Jurying an exhibit is always an honor and a challenge. There’s a sense of mystery and anticipation as the slides arrive: what will we see? Beyond the writing of a prospectus, the show organizers and the jury have no control over the entries. From one show to the next, from one year to the next, the mix of submissions is variable. The juror’s task is to find the best show possible within the work available. But which show?

Even given a theme, there are many options. It is often said that a different juror, on a different day, might have selected a different show.

Certainly, as choices are made, the focus of an exhibit can narrow in any number of ways. In this grouping of slides a strong exhibit comprised entirely of diptychs might have been selected. Another exhibit of contemplations on politics or identity would have been a dynamic show. Various other shows might have emerged: landscapes, geometric arrangements, studies of light or place. A strong showing that focused on any single approach to surface could also have been selected.

The 34 works selected (from more than 140 submissions by 99 artists) for this exhibition represent a variety of interpretations of the theme as well as diverse ways of thinking about image, surface, and space. What they have in common is that even with repeated viewings over a number of days, they remained fresh to my eye. They offered new surprises each time I went back through them.

Some pieces were slow to reveal themselves, but I found myself thinking about them when I was busy with other things — that’s always a good sign! The selected works share a transcendence of medium and give a sense of the artist’s eye and hand working together to present a thought, a meditation, an observation, a mirrored image or transformation. Each piece is a bridge between the viewer and the artist’s experience.

“Art is half of a conversation,” said Kurt Vonnegut. I think it goes further than that: there is the artist’s dialogue with the inspiration and then with the materials during the process of making. There is the viewer’s interaction with the art. It’s really a three-way conversation with the art as the medium between artist and viewer. The best art has the ability to speak beyond its first impression.
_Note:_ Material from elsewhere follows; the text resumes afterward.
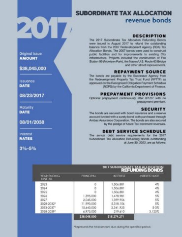 The 2014 Refunding Lease Revenue Bonds were issued in The 2017 Subordinate Tax Allocation Refunding Bonds

A note of appreciation to SAQA for sponsoring this show and providing forums for this wonderfully versatile medium that relies on layering, fiber, and stitch to make its statement. And to the artists who submitted to this competition, I say thank you for sharing your thoughts and your process with us. I look forward to seeing more of your work. To the viewers, another thank you. No “conversation” is fully realized without your participation.